On Thu, Oct 17, 2024 at 7:03 PM Eduard Zingerman <eddyz87@xxxxxxxxx> wrote:
>
> A specifically crafted program might trick verifier into growing very
> long jump history within a single bpf_verifier_state instance.
> Very long jump history makes mark_chain_precision() unreasonably slow,
> especially in case if verifier processes a loop.
>
> Mitigate this by forcing new state in is_state_visited() in case if
> current state's jump history is too long.
>
> Use same constant as in `skip_inf_loop_check`, but multiply it by
> arbitrarily chosen value 2 to account for jump history containing not
> only information about jumps, but also information about stack access.
>
> For an example of problematic program consider the code below,
> w/o this patch the example is processed by verifier for ~15 minutes,
> before failing to allocate big-enough chunk for jmp_history.
>
>     0: r7 = *(u16 *)(r1 +0);"
>     1: r7 += 0x1ab064b9;"
>     2: if r7 & 0x702000 goto 1b;
>     3: r7 &= 0x1ee60e;"
>     4: r7 += r1;"
>     5: if r7 s> 0x37d2 goto +0;"
>     6: r0 = 0;"
>     7: exit;"
>
> Perf profiling shows that most of the time is spent in
> mark_chain_precision() ~95%.
>
> The easiest way to explain why this program causes problems is to
> apply the following patch:
>
>     diff --git a/include/linux/bpf.h b/include/linux/bpf.h
>     index 0c216e71cec7..4b4823961abe 100644
>     \--- a/include/linux/bpf.h
>     \+++ b/include/linux/bpf.h
>     \@@ -1926,7 +1926,7 @@ struct bpf_array {
>             };
>      };
>
>     -#define BPF_COMPLEXITY_LIMIT_INSNS      1000000 /* yes. 1M insns */
>     +#define BPF_COMPLEXITY_LIMIT_INSNS      256 /* yes. 1M insns */
>      #define MAX_TAIL_CALL_CNT 33
>
>      /* Maximum number of loops for bpf_loop and bpf_iter_num.

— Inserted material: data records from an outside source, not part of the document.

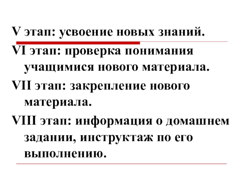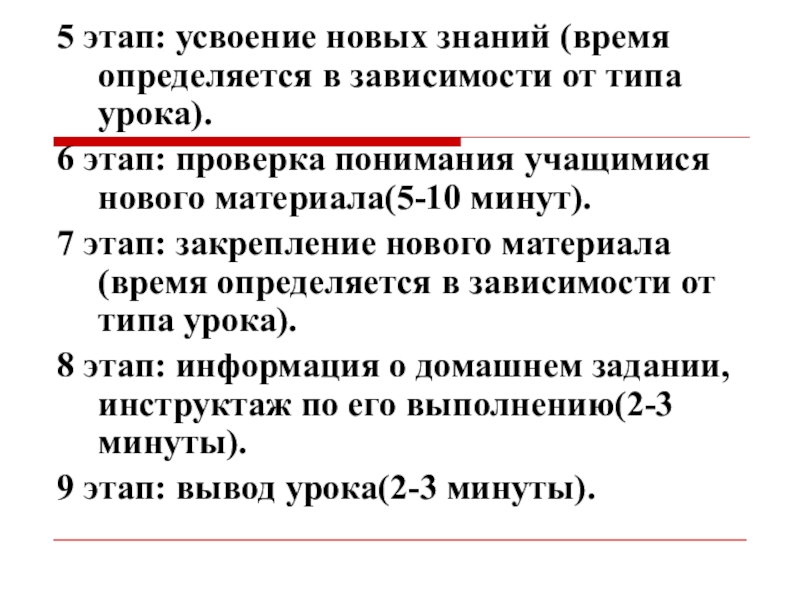 Слайд 215 этап: усвоение новых знаний (время определяется в зависимости от типа
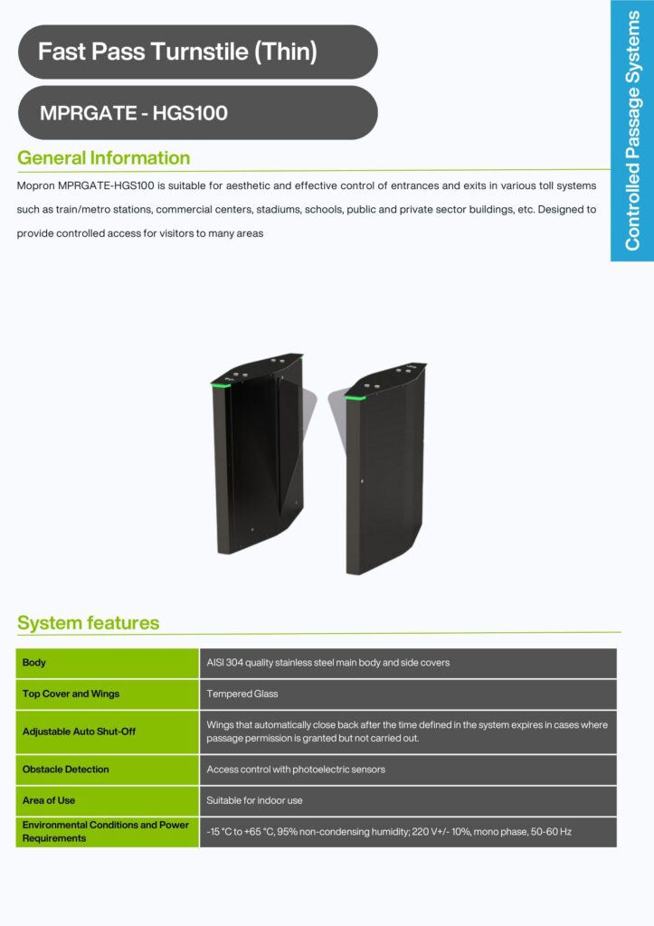 | Adjustable Auto Shut-Off | Wings that automatically close back after the time defined in the system expires in cases where passage permission is granted but not carried out. |
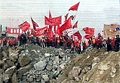 圖:截流成功現(xiàn)場工程人員在圍堰上揮舞紅旗慶賀
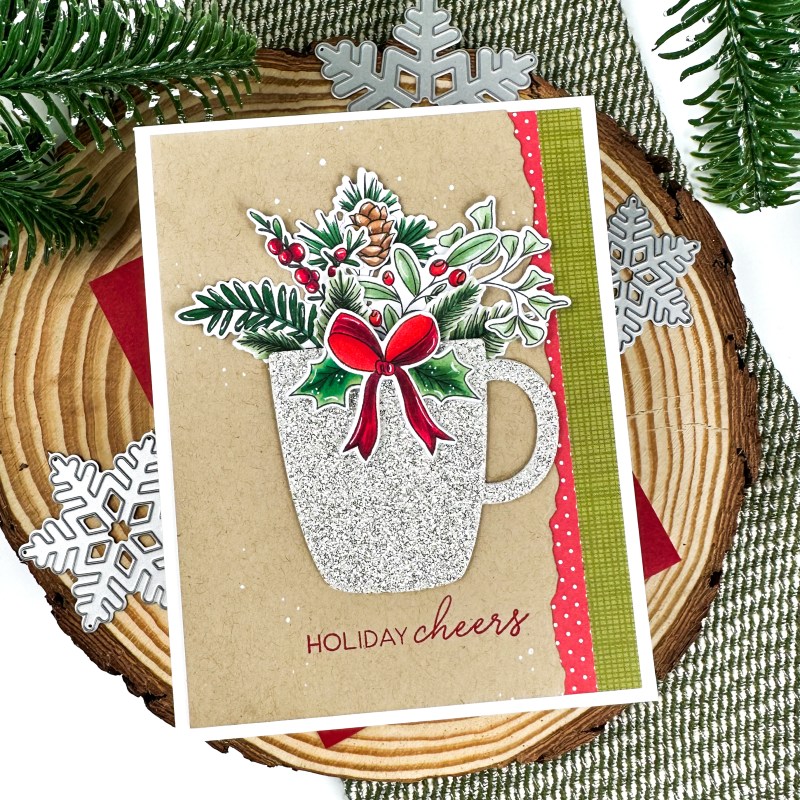 For today’s sample for countdown day 2, I’m combining a little new with a little old for another holiday design! I used the brand new Winter Greenery, Coffee Mug, and Torn Paper Edges.
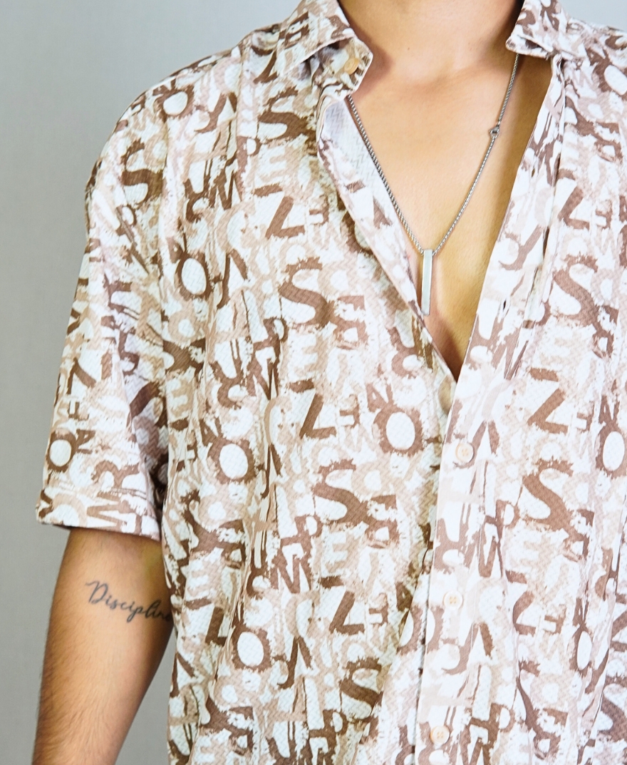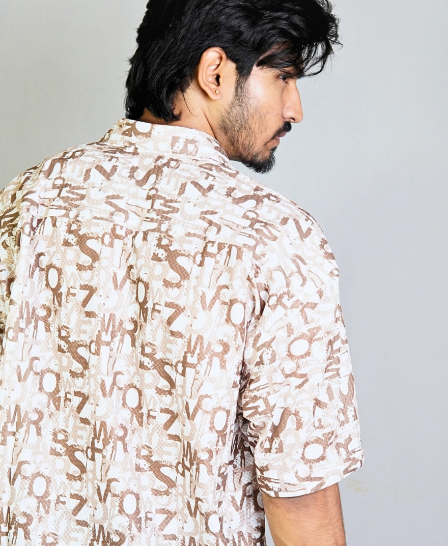 No More Basic Shirts! Stay bold and comfy with the Cloox Brown Oversized Shirt, featuring a unique alphabets print and half sleeves. Perfect for relaxed, creative everyday looks.
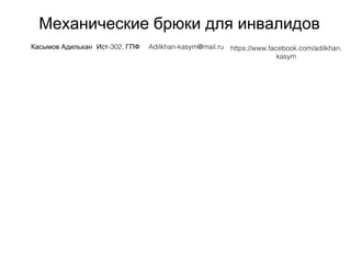 Документ обсуждает проблемы инвалидов, стремящихся к улучшению качества жизни через механические брюки. Основное внимание уделяется потребностям и желаниям целевой аудитории, а также недостатку доступных решений для их трудоспособности. Указано, что лягчения и возможность ходить могут существенно изменить жизнь клиентов.

>     diff --git a/kernel/bpf/verifier.c b/kernel/bpf/verifier.c
>     index f514247ba8ba..75e88be3bb3e 100644
>     \--- a/kernel/bpf/verifier.c
>     \+++ b/kernel/bpf/verifier.c
>     \@@ -18024,8 +18024,13 @@ static int is_state_visited(struct bpf_verifier_env *env, int insn_idx)

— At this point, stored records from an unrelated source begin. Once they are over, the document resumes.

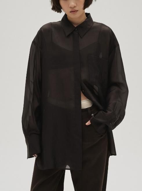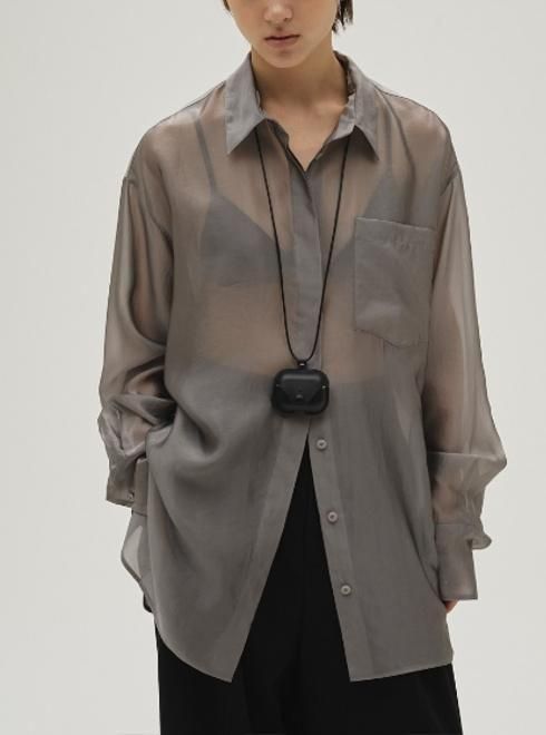 ほんのり透け感のある生地を使用したシャンブレーシャツ。落ち感のあるシルキーな風合いが女性らしい印象を引き立てます。
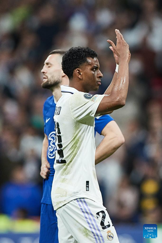 Real Madrid's Rodrygo competes during the UEFA Champions League quarterfinal first Leg match between Real Madrid and Chelsea FC in Madrid, Spain, on April 12, 2023. (Xinhua/Meng Dingbo)
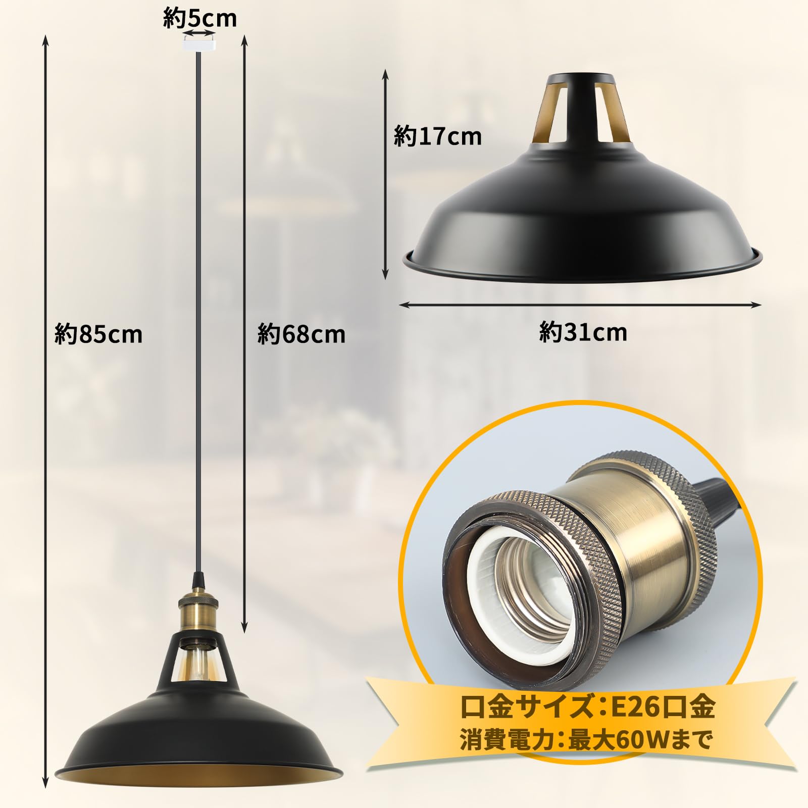 ペンダントライト レトロ 照明器具 E26 引掛けシーリング 1灯 黒

>      skip_inf_loop_check:
>                             if (!force_new_state &&
>                                 env->jmps_processed - env->prev_jmps_processed < 20 &&
>     -                           env->insn_processed - env->prev_insn_processed < 100)
>     +                           env->insn_processed - env->prev_insn_processed < 100) {
>     +                               verbose(env, "is_state_visited: suppressing checkpoint at %d, %d jmps processed, cur->jmp_history_cnt is %d\n",
>     +                                       env->insn_idx,
>     +                                       env->jmps_processed - env->prev_jmps_processed,
>     +                                       cur->jmp_history_cnt);
>                                     add_new_state = false;
>     +                       }
>                             goto miss;
>                     }
>                     /* If sl->state is a part of a loop and this loop's entry is a part of
>     \@@ -18142,6 +18147,9 @@ static int is_state_visited(struct bpf_verifier_env *env, int insn_idx)
>             if (!add_new_state)
>                     return 0;
>
>     +       verbose(env, "is_state_visited: new checkpoint at %d, resetting env->jmps_processed\n",
>     +               env->insn_idx);
>     +
>             /* There were no equivalent states, remember the current one.
>              * Technically the current state is not proven to be safe yet,
>              * but it will either reach outer most bpf_exit (which means it's safe)
>
> And observe verification log:
>
>     ...
>     is_state_visited: new checkpoint at 5, resetting env->jmps_processed
>     5: R1=ctx() R7=ctx(...)
>     5: (65) if r7 s> 0x37d2 goto pc+0     ; R7=ctx(...)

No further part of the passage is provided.